What I Read – March 2026

Read:

The Singer’s Gun – Emily St. John Mandel (Vintage Books, 2015)

The School for Good Mothers – Jessamine Chan (Simon & Schuster, 2022)

Agnes Aubert’s Mystical Cat Shelter – Heather Fawcett (Penguin Random House Audio, 2026)

The Two Towers – J.R.R. Tolkien (Houghton Mifflin Co., 1965)

Here for a Good Time – Kim Spencer (Tundra Book Group, 2026)

Heads of the Coloured People – Nafissa Thompson-Spires (37 Ink, 2018)

The Finest Hotel in Kabul – Lyse Doucet (Allen Lane, 2025)

A Theatre for Dreamers – Polly Samson (Harper Collins Publishers, 2020)

Currently Reading:

The Return of the King – J.R.R. Tolkien

The Remembered Soldier – Anjet Daanje

So Long, See You Tomorrow – William Maxwell

Kin – Tayari Jones

Thoughts:

I was surprised, at the end of the month, to find I had read 8 books in March. I brought 3 books with me to Hong Kong plus others as ebooks and I didn’t finish a single one. (Peter finished the book he brought and so I gave him one of my extras to read.) 8 is a perfectly respectable number and I don’t regret a single minute I spent not reading in Hong Kong. I was pleased with myself because I thought to borrow an e-copy of The Return of the King on Libby and so we were still able to do our family chapter book time before bed, although we didn’t do it every night of the trip.

What’s Next:

In a similar manner, I didn’t write a lot of book reviews in March. I had scheduled ahead of time and then sort of lost my energy around it leading up to our trip. At this moment, I don’t plan on going back to review any more of the books I read in March. I do have a lot of books I’m excited to read right now, including some more ARCs I’ve been lucky enough to get a hold of so I expect my reviews to ramp up again in a week or so. Next week you can probably just expect more Hong Kong pictures.

2026 Reading Goals:

30/100 books (8 in March)

Theological: 0/12

Translated Works: 2/12 (none in March)

Pre-2025 TBR: 6/25 (Heads of the Coloured People and A Theatre for Dreamers both since 2020)

Goliaths: 4/6 (none in March)

Owned: 5/25 (The Singer’s Gun and A Theatre for Dreamers)
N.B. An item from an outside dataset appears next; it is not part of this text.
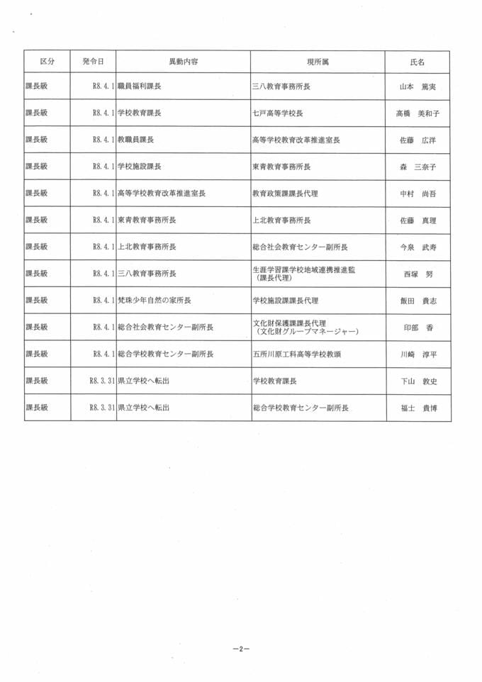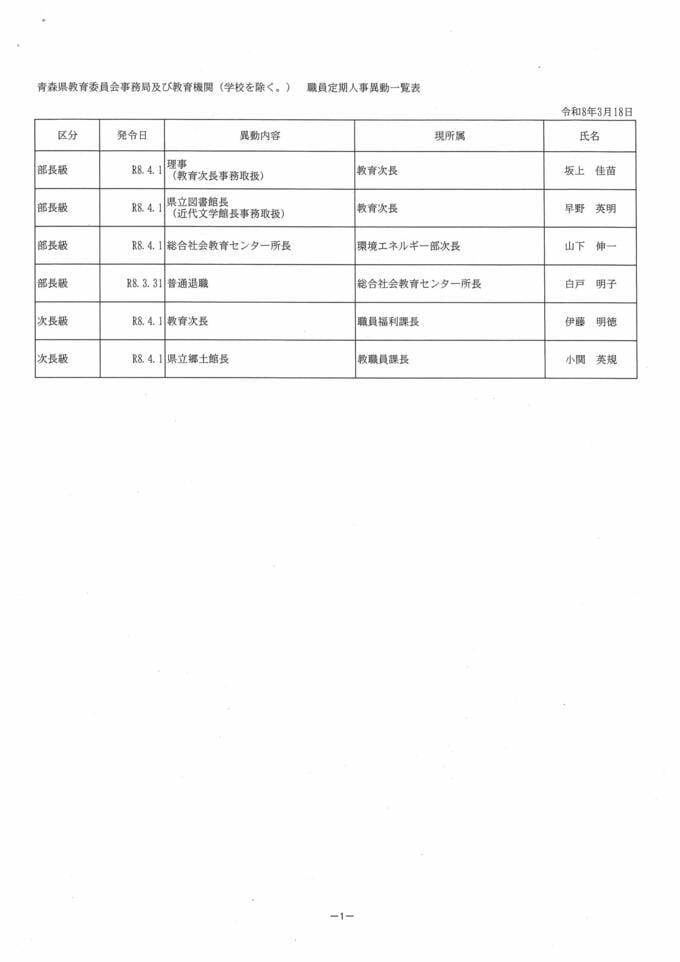 青森県教職員人事異動2026 県教育委員会事務局・教育機関(学校除く) 一覧【名簿全掲載】 青森テレビ 2026年3月18日(水) 17:00 国内 青森県 教職員人事異動一覧2026 【県教委事務局・教育機関(学校除く)】① 【記事を最初から読む】
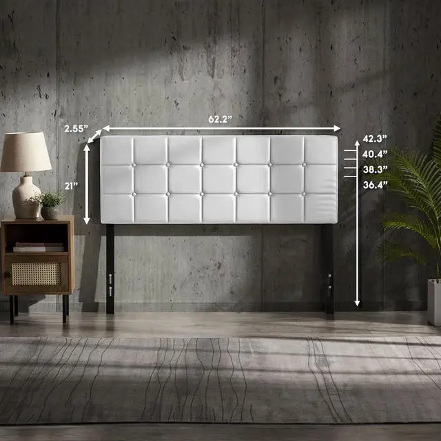 Button-Tufted Square Design: This queen headboard only is upholstered with faux leather in an elegant design that will transform your bedroom. Our plush, supportive queen bed headboard is perfect for leaning on while relaxing in bed.

Current TBR: 145 books (previously 143)

Pearl’s List:

26/100 (8 in March)

The Hybrid Prince – Tui T. Sutherland

The Ship of the Dead – Rick Riordan

Starclimber – Kenneth Oppel

The Two Towers – J.R.R. Tolkien

The Brightest Night – Tui T. Sutherland

Silverwing – Kenneth Oppel

The Last Dragon on Mars – Scott Reintgen

Murder at the Museum – Alasdair Beckett-King

5 thoughts on “What I Read – March 2026”

    1. I just finished Kin and I mostly enjoyed it. I’ll be interested to hear your thoughts.

      It was a very guilt-free holiday in many ways and I’m grateful for that! Because I was returning to this place where I had history and some complicated feelings around, I actually devoted a whole therapy session to emotionally prepping for this trip and I think it made so many parts better.
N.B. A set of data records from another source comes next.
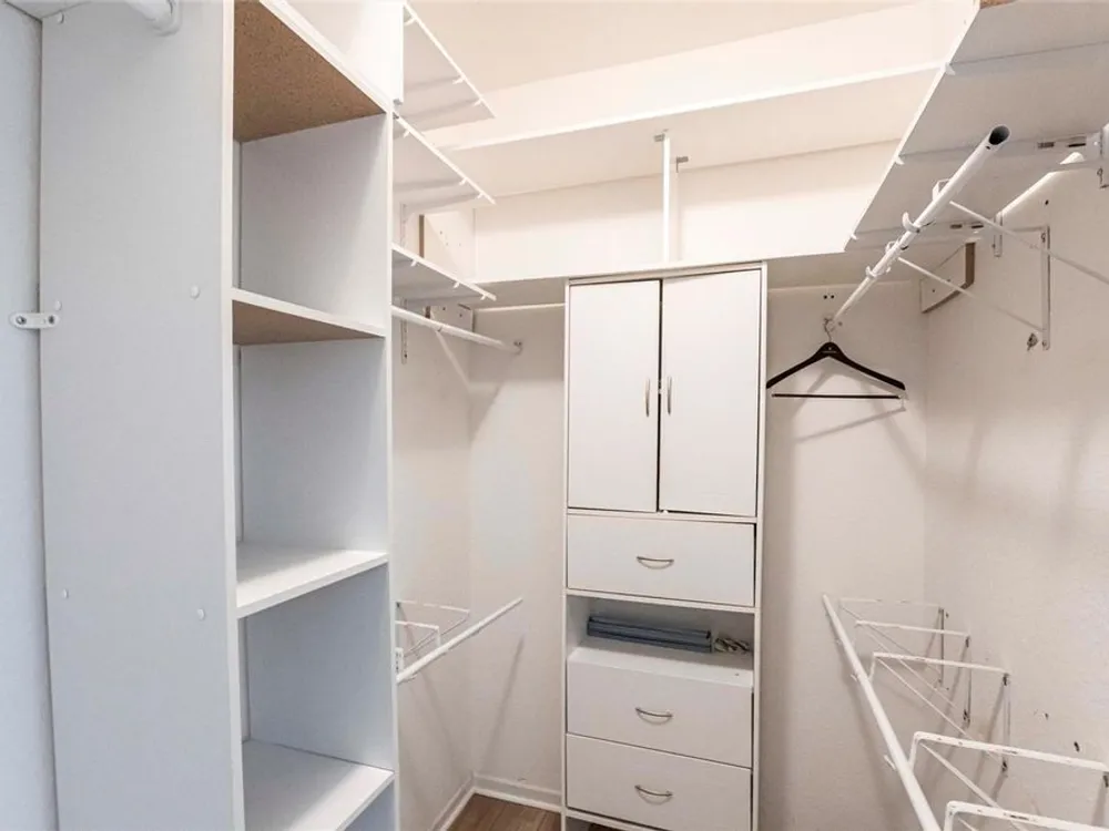 - Ceiling Fan(s), High Ceilings, Open Floorplan, Main Level Primary, Split Bedrooms, Stone Counters, Walk-In Closet(s), Window Treatments
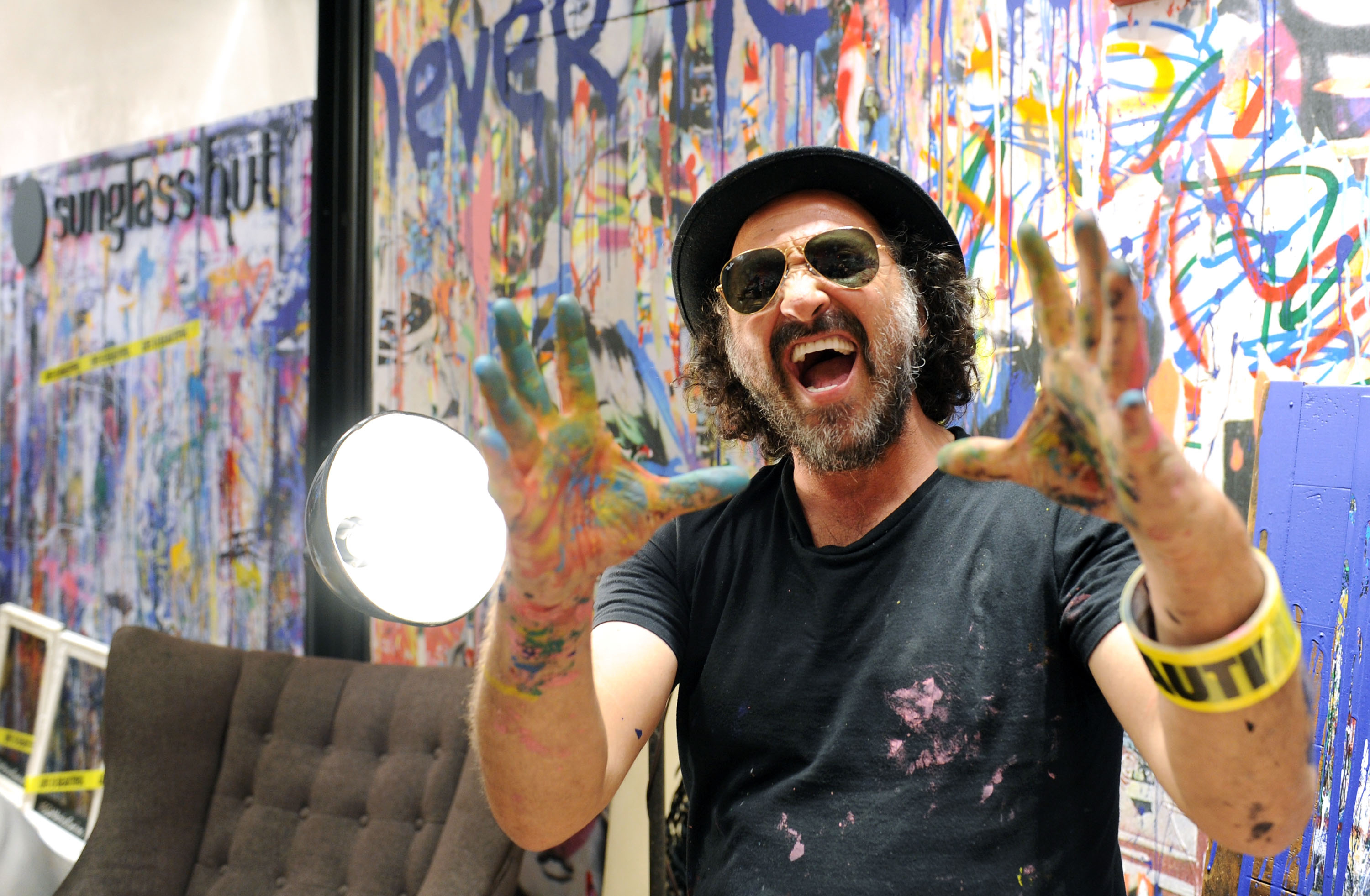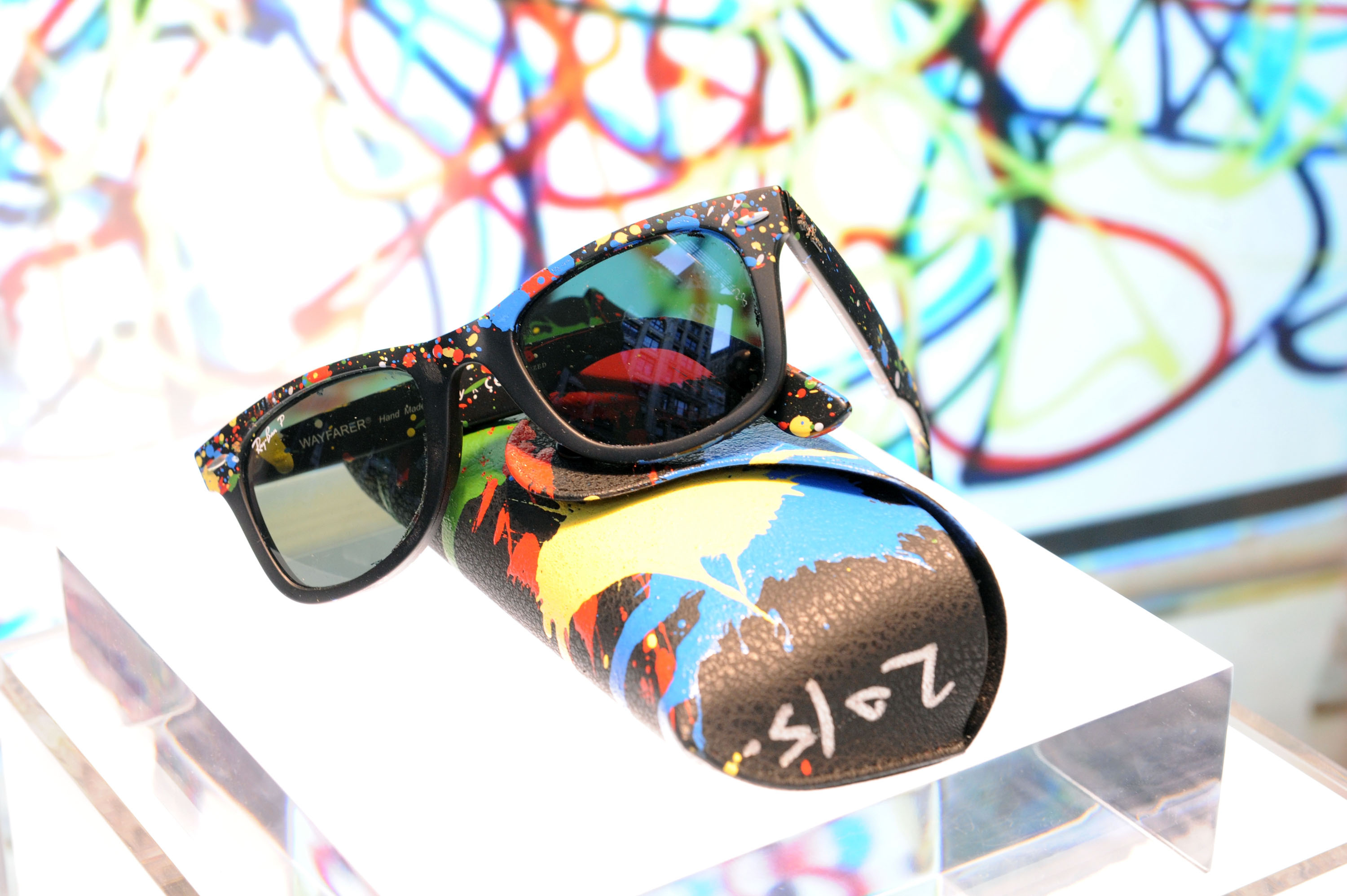 Street art junkies and Ray-Ban loyalists alike had something to obsess over at last night’s cocktail bash for the latest installment of Sunglass Hut’s Artist Series at the shades purveyor’s newly-reopened Soho store on Broadway and Broome. Mr. Brainwash (aka MBW, aka Thierry Guetta), who decked out 250 pairs of Ray-Bans with his signature colorful splatters as part of the series, also did quite a number on the back portion of the store itself, which will function as a pop-up for the next four months.
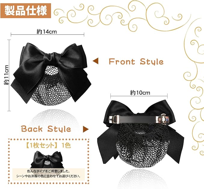 【ネットを取り外すことが可能】 2Wayでお得な蝶結びまとめ髪ネットです。オンの場合、ネット付きで、大人の信頼感を与えます。使い方は超簡単です!?髪をひとつ結びにし、ゴムで結ぶ。ゴムの上にバレッタを留めます。?髪を手でお団子状にし、ネットの中に入れます。?ネットオフの場合、ネットを取り外して、可愛いボウヘアアクセサリーに変身です!
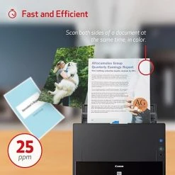 Fast and efficient: Scans both sides of a document at the same time, in color, at up to 25 pages per minute, with a 30 sheet automatic feeder, and one touch operation
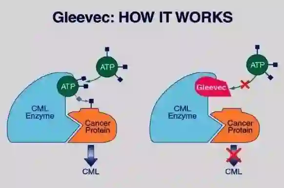它之所以能成功,除了科学家的努力以外,还在于慢粒白血病的特殊。它只由染色体易位相关的单一异常蛋白引起,所以科学家能够将所有的精力集中在单一的目标上。
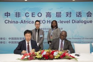 Adesola Adeduntan, MD/CEO, First Bank of Nigeria Limited (sitting right) with Hou Zhigang, Chairman & President of China-Africa E-Commerce Co.,Ltd. (sitting left), whilst Bashirat Odunewu , FirstBank’s Group Executive, International Banking Group, and Zhicheng Jiang, Director of Marketing of China-Africa E-commerce, look on during the MOU signing at the China-Africa CEO High level Dialogue in China, recently.

    2. I didn’t realize you had a lot of complicated feelings around your origins in Hong Kong, though I can make some guesses as to why. If you want to share, I’d love to know, but if not, no worries.

    3. I was pretty young when we left HK but it looms large in our family history. I was born there but I’m not really from there. I often don’t know how to answer when people ask where I’m from because to say Hong Kong feels both true and untrue. At best, it requires follow-up conversation! These days, kids like my brother and I are called Third Culture Kids but there were no terms like that in the 80s and 90s and I don’t always feel like that one applies to me. We moved “back” to Canada but I had never lived there before. There wasn’t a lot of work done to explain or support us as kids through such a big move and that had repercussions throughout our childhood, I think. Returning with my own children gave me an opportunity to see HK both through their eyes and as a parent now myself. And to just enjoy the city as it is now. I’m always going to have a connection to it and that feels easier now.

    4. I can see how it might feel weird to basically say that you were a rootless transient for a long time, but now you have a strong Canadian identity. I’m glad this trip was both enjoyable and healing.